__TASK REQUIREMENTS__
Retype, word for word, every line from the one holding "JA横浜中里支店で4月19日" through the one holding "수녀원의 삶이 너무 힘들어서" in the entries below, both included, and only those lines.

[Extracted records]
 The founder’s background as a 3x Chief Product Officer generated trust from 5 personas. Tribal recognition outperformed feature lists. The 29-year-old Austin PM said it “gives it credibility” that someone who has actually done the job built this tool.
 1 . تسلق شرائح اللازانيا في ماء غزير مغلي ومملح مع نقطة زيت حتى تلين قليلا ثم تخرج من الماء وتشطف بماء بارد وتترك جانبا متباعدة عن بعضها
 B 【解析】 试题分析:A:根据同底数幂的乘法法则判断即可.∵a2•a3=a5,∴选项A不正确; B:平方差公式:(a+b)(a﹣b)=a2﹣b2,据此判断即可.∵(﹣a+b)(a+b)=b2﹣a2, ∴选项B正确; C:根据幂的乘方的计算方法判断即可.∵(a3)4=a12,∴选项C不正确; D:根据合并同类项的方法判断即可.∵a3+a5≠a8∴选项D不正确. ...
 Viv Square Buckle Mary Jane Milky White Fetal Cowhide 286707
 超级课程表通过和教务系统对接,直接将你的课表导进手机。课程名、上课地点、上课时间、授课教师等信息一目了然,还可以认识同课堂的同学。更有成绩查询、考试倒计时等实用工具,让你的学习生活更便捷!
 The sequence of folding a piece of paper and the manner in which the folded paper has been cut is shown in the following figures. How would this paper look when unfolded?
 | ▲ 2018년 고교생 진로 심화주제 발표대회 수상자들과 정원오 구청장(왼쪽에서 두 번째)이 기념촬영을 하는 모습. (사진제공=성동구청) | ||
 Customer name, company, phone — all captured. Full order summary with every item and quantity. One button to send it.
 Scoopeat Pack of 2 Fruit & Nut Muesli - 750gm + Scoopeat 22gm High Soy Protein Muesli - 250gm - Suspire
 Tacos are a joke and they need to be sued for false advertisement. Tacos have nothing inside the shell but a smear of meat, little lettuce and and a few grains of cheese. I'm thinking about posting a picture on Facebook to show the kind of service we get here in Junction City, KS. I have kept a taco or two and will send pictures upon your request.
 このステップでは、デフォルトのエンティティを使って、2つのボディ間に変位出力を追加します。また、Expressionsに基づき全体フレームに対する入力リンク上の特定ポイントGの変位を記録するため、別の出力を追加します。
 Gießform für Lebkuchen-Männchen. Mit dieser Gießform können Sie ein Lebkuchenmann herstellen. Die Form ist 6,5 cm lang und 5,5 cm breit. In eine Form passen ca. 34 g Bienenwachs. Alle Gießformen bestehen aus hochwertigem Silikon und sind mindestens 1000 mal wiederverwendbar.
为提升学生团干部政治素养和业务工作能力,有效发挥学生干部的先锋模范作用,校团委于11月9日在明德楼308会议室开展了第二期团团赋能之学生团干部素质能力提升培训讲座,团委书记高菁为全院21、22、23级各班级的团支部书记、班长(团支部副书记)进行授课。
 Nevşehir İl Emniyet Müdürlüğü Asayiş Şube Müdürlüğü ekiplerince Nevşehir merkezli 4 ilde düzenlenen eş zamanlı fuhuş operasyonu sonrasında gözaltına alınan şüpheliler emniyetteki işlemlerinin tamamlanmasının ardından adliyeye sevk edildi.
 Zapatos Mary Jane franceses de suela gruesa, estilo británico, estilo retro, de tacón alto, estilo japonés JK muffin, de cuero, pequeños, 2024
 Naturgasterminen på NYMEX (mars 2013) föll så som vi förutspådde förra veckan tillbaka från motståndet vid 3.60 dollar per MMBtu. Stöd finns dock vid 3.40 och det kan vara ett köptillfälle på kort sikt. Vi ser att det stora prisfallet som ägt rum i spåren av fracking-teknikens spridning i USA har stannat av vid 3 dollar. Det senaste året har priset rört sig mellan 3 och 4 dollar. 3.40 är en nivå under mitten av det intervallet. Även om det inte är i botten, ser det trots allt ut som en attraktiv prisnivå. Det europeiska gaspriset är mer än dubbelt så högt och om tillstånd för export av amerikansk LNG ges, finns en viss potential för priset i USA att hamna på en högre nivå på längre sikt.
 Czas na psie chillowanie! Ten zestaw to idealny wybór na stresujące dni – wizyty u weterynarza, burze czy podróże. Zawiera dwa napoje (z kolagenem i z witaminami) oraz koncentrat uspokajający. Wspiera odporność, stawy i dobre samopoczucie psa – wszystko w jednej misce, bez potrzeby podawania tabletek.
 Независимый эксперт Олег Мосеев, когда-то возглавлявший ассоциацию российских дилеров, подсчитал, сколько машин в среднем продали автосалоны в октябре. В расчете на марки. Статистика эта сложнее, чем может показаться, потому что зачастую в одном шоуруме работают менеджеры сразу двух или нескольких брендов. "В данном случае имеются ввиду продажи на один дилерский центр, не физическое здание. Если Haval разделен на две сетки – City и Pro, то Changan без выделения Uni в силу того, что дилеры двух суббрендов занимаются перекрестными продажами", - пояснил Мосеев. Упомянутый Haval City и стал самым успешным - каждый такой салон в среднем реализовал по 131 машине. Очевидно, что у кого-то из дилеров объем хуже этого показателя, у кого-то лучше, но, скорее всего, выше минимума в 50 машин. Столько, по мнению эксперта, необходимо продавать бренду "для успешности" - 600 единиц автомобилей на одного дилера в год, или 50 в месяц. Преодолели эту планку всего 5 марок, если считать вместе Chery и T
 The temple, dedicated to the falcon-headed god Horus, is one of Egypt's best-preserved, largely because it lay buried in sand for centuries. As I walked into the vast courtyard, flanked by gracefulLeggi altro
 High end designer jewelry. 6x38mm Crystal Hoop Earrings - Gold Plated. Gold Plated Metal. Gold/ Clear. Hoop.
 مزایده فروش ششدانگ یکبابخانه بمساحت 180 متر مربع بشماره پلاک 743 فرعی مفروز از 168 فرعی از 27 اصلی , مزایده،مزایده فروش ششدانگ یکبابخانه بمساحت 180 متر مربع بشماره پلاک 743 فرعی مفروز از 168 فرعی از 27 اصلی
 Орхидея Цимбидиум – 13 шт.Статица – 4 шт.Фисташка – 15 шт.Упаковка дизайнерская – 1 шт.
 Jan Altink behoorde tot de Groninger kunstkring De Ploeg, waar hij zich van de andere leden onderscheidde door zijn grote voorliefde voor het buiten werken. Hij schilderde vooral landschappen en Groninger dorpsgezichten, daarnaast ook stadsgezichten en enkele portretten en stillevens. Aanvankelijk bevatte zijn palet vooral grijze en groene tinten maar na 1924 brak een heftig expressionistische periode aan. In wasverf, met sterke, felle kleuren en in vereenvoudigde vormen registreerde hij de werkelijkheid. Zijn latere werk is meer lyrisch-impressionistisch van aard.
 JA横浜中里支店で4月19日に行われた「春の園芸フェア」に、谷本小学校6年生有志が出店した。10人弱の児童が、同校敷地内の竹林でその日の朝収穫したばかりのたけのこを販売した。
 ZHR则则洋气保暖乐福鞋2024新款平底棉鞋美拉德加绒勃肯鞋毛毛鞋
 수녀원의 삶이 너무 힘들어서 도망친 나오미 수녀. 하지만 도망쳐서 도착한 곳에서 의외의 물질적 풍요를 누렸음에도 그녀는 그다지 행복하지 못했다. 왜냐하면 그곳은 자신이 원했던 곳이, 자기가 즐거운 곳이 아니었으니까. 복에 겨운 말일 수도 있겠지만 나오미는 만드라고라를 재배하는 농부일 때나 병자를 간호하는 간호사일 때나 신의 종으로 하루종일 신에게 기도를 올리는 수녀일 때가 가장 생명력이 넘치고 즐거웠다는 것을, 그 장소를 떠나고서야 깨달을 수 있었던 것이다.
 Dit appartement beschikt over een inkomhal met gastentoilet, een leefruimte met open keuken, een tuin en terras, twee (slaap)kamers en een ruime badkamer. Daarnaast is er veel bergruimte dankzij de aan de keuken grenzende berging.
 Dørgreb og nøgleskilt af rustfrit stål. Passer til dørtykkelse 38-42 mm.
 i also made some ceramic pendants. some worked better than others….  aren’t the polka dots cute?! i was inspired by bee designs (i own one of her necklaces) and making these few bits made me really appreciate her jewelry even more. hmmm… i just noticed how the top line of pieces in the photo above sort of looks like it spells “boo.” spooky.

__RESPONSE TO THE EXERCISE__
 JA横浜中里支店で4月19日に行われた「春の園芸フェア」に、谷本小学校6年生有志が出店した。10人弱の児童が、同校敷地内の竹林でその日の朝収穫したばかりのたけのこを販売した。
 ZHR则则洋气保暖乐福鞋2024新款平底棉鞋美拉德加绒勃肯鞋毛毛鞋
 수녀원의 삶이 너무 힘들어서 도망친 나오미 수녀. 하지만 도망쳐서 도착한 곳에서 의외의 물질적 풍요를 누렸음에도 그녀는 그다지 행복하지 못했다. 왜냐하면 그곳은 자신이 원했던 곳이, 자기가 즐거운 곳이 아니었으니까. 복에 겨운 말일 수도 있겠지만 나오미는 만드라고라를 재배하는 농부일 때나 병자를 간호하는 간호사일 때나 신의 종으로 하루종일 신에게 기도를 올리는 수녀일 때가 가장 생명력이 넘치고 즐거웠다는 것을, 그 장소를 떠나고서야 깨달을 수 있었던 것이다.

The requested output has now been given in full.